Booth Id:
MATH049
Category:
Mathematics
Year:
2021
Finalist Names:
Sukhotin, Dmitry (School: Higher School of Economics Lyceum)
Abstract:
Research question: How the quadratic congruence could be solved using methods of modular arithmetic and group theory?
Procedures used:
An algebraic method for confirming the existence of any solutions was demonstrated at the beginning of the study. As a result, some necessary conditions for the solutions to exist were obtained.
The first step: solving the given congruence as a quadratic equation using a p-adic version of the Newton method, where we increase the power of p, approximating the value of x with respect to p-adic absolute value.
Group theory approach also leads to solving a linear equation, but in a completely different way. It involves constructing an isomorphism, which assigns every element of the initial multiplicative group modulo 10^n to an element of the additive group.

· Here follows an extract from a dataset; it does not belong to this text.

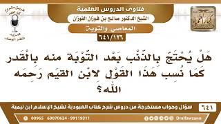 [126 /641] هل يحتج بالذنب بعد التوبة منه بالقدر كما نسب هذا القول لابن القيم؟ الشيخ صالح الفوزان
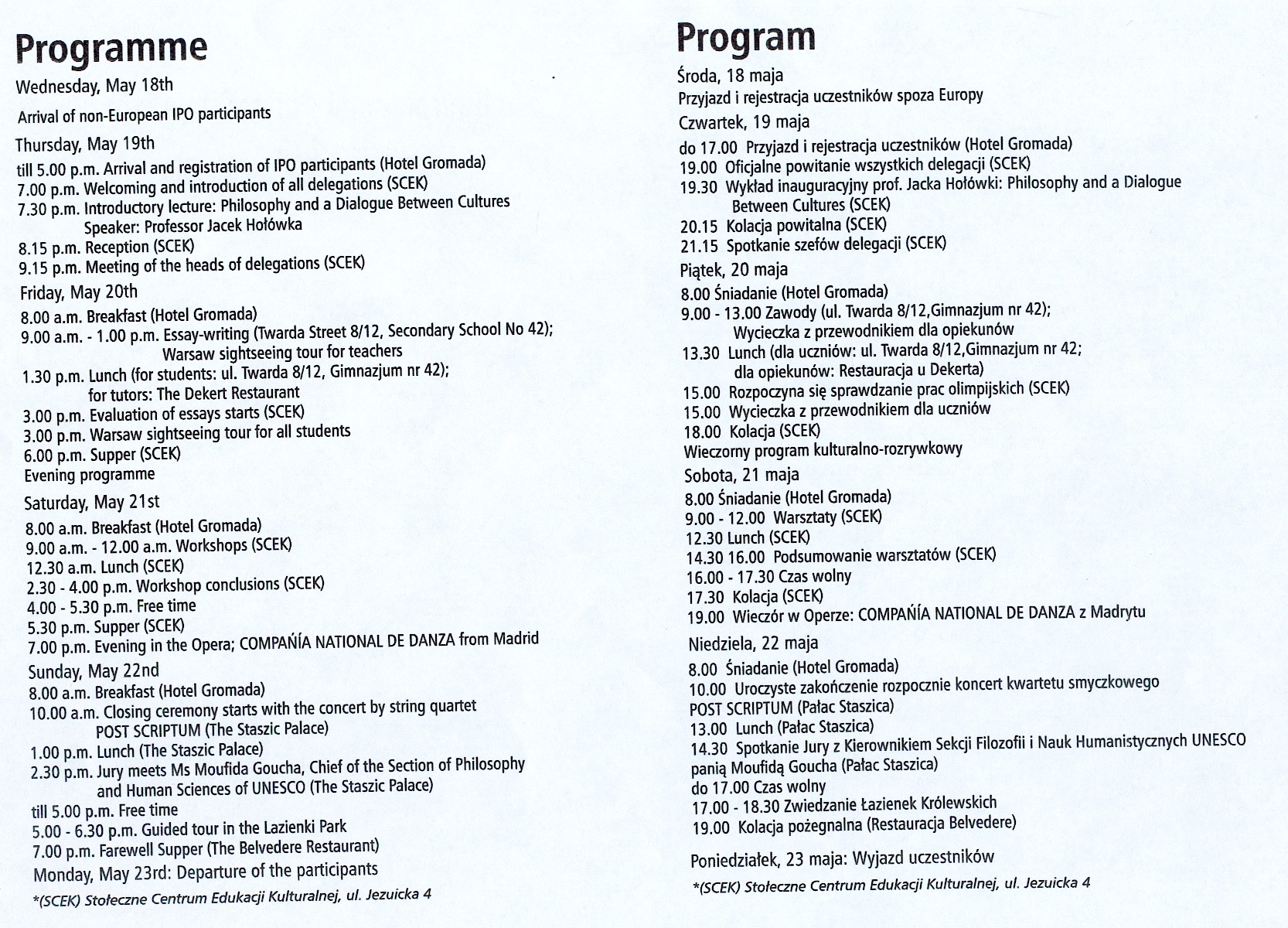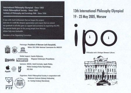Den 13. internasjonale filosofiolympiade, Warszawa, Polen – 19.-23. mai 2005

One more method (devised in this research) involves algebraic transformations, making the original congruence linear. It is based on adding odd numbers to form the square, satisfying the congruence and finding the sum of these numbers.
Final step: a generalization of the initial problem. It raised a question about the existence of squares that contain the number a inside, which means that there is at least one digit on the right of the last digit of a in the square. Solution of this problem is the most important result of this study.
Results: necessary and sufficient conditions for solvability of a quadratic congruence were found, the existence of a square containing any chosen number was proven.